Let's say now, you wanted to find the first element larger than value in find_first. All of a sudden, the equality check doesn't seem as general as you would like. Maybe instead of checking equality, we should let the user decide the if condition. But you can't pass code into a function. This is where lambdas come in. A lambda is a function that acts as variable. That is a bit abstract, so let's try an example.

auto add_values = [](int a, int b /* parameters */) -> int /* return type */ {
    return a + b;
};
auto mult_values = [](int a, int b) -> long long {
    return 1ll * a * b;
};
assert(add_values(2, 3) == 5);
assert(mult_values(2, 3) == 6ll);

add_values and mult_values are lambdas, which can be used as a function using the () operator. Internally, a lambda is just a local struct, with the () operator overloaded.

struct __add_values_impl{
    int operator()(int a, int b){
        return a + b;
    }
};
struct __mult_values_impl{
    long long operator()(int a, int b){
        return 1ll * a  * b;
    }
};
__add_values_impl add_values;
__mult_values_impl mult_values;

assert(add_values(2, 3) == 5);
assert(mult_values(2, 3) == 6ll);

That's why its important to notice each lambda has a distinct type, and you cannot assign one lambda to another. But they can be passed around in functions, which is what make them particularly useful.

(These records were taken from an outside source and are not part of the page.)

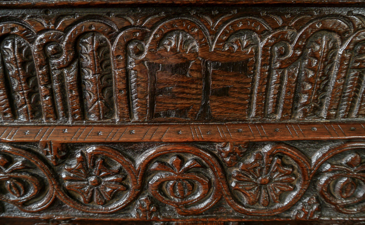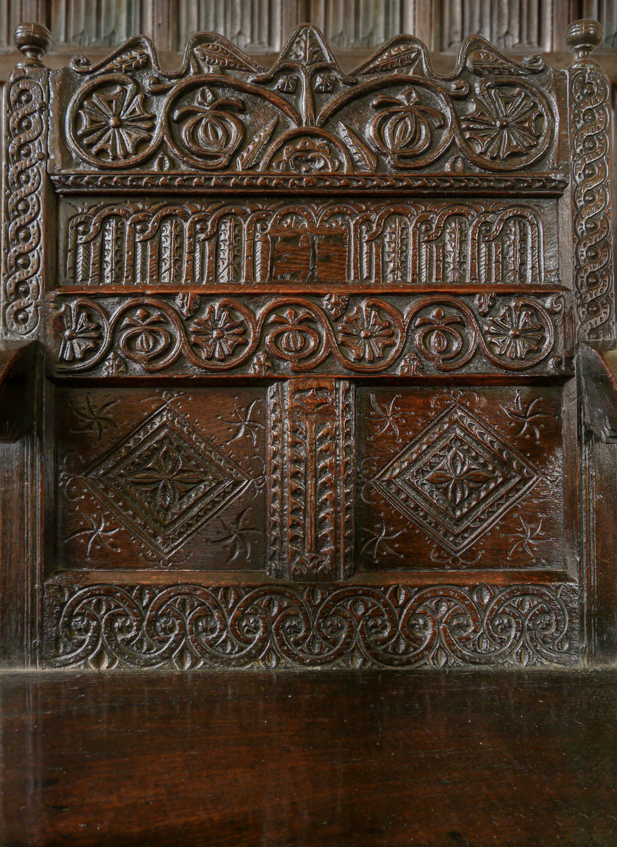 The horizontal upper panel is carved with a “run” of higher and lower arches, each filled with an upright stem, supporting leaves. The centre of the panel is inlaid with the owner’s initials “E E”, in holly.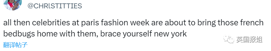 “参加巴黎时装周的所有名人都准备把法国臭虫带回国,纽约,颤抖吧!”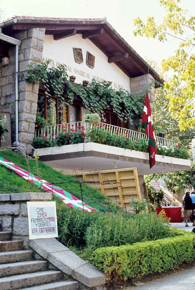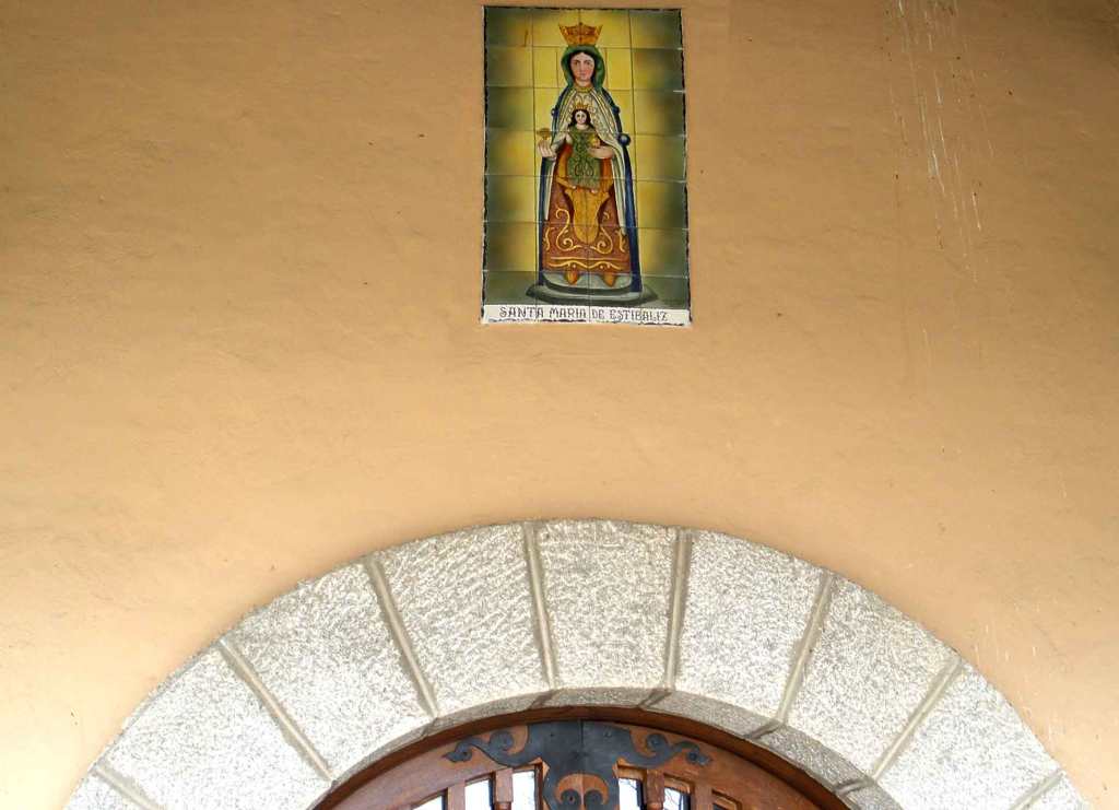 Interesante combinación de mirador en voladizo con porche cubierto. Sobre la entrada principal del pórtico se encuentra un mosaico con la imagen de Santa María de Estibaliz, patrona de Álava.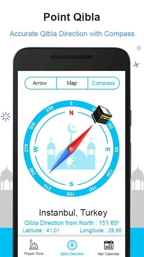 People travel a lot in different regions of the country or world ,so they don't know the exact direction of the Qibla in Makkah. Qibla Compass Al-Moazin Prayer time app have also Qibla Compass to find the Qibla direction . It calculates the exact direction using GPS navigation.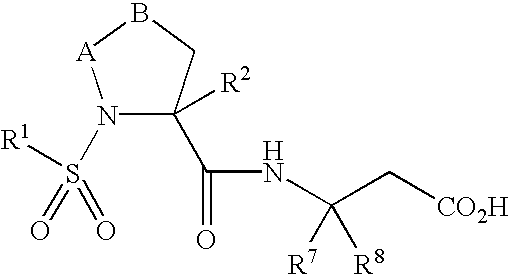 Compounds of this invention were prepared in DMSO at 100× the desired final assay concentration. Final concentrations were selected from a range between 0.001 nM-100 μM. Three μL of diluted compound, or vehicle alone, were premixed with 300 μL of cell suspension in 96-well polystyrene plates with round bottom wells. 100 μL aliquots of the cell/compound mixture were then transferred in duplicate to CS-1 coated wells. The cells were next incubated for 30 minutes at room temperature. The non-adherent cells were removed by two gentle washings with PBS. The remaining adherent cells were quantitated by reading the plates on a Cytofluor II fluorescence plate reader (Perseptive Biosystems Inc., Framingham, Mass.; excitation and emission filter settings were 485 nm and 530 nm, respectively). Control wells containing vehicle alone were used to determine the level of cell adhesion corresponding to 0% inhibition. Control wells coated with BSA and crosslinker (no CS-1 peptide) were used to determine the level of cell adhesion corresponding to 100% inhibition. Cell adhesion to wells coated with BSA and crosslinker was usually less than 5% of that observed to CS-1 coated wells in the presence of vehicle. Percent inhibition was then calculated for each test well and the IC50 was determined from a ten point titration using a validated four parameter fit algorithm.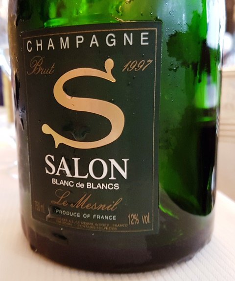 J’arrive en avance et donne un champagne que j’avais dans ma musette à rafraîchir. Le lieu me plaît toujours autant, avec ses mosaïques noires et or et une décoration de boutique presque centenaire. Mon choix de menu sera : Pappardelles de Fernando Pensato au caviar Prunier (45 grammes ) / Brandade de morue « façon Prunier » / soufflé à la Chartreuse. Le caviar est vraiment copieux et les pâtes légèrement crémées sont délicieuses. Il vaut mieux manger les pâtes et le caviar en des bouchées séparées, pour profiter de la longueur du goût délicieusement salé du caviar. Inutile de dire que sur le caviar, le Champagne Salon 1997 est mis en valeur. Ce champagne a deux qualités : vivacité et douceur. Il a en effet une très belle énergie et en même temps il a le calme souverain d’un Teddy Riner. Il a presque vingt ans et se révèle d’une magnifique maturité. C’est un grand champagne.

template<typename ForwardIterator, typename F>
ForwardIterator find_first(ForwardIterator start, ForwardIterator end, F condition){
    while(start != end){
        if(condition(*start)) return start; //condition(*start) calls the function condition, with the value in the iterator
        ++start;
   }
   return start;
}

Now you can put just about anything in condition. For example, you could do

vector<int> a;
auto it = std::find_first(a.begin(), a.end(), [](int val) -> bool {
    return val > 10; // You don't need to assign a lambda to a variable, you can just write it directly as parameter
});

and it will store an iterator to the first element that is larger than 10.

Let's consider now, what if didn't want 10 specifically, we might want some variable like x instead. This is the second thing lambdas can do. They can capture variables in their surroundings.

vector<int> a;
int x;
auto it = std::find_first(a.begin(), a.end(), [x /* capturing x */ ](int val) -> bool {
    return val > x;
});

The [] is to store the captured variables. [x] represents capturing x by value. This means x will be copied inside the lambda. You can also capture x by reference, by writing [&x] instead. If you capture something by reference, then editing it will change the value of your variable. Keep that in mind.

To prevent needing to capture too many variables, lambdas also come with capture defaults. If you use [&], it will capture all used variables by reference, and if you use [=], it will capture all used variables by value. As an example, you can look at this

int x = 1, y = 2;
auto func = [x, &y](int z) -> int {
    return x + y + z;
};
assert(func(2) == 5);
x = 3;
assert(func(2) == 5);
y = 3;
assert(func(2) == 6);

Internally, you can think it works like this

struct __func_impl{
   int x;
   int& y;
   __func_impl(int _x, int& _y) : x(_x), y(_y) {} // This is notation of initialising x = _x, and y = _y.
   int operator()(int z){
       return x + y + z;
   }
};
int x = 1, y = 2;
__func_impl func(x, y);
assert(func(2) == 5);
x = 3;
assert(func(2) == 5);
y = 3;
assert(func(2) == 6);

You've learnt the basics of template metaprogramming! You can start writing most basic ideas you have now, using the template, auto, typename keywords. This is one of the most powerful features of C++, and that's why its part $$$1$$$ out of $$$\infty$$$.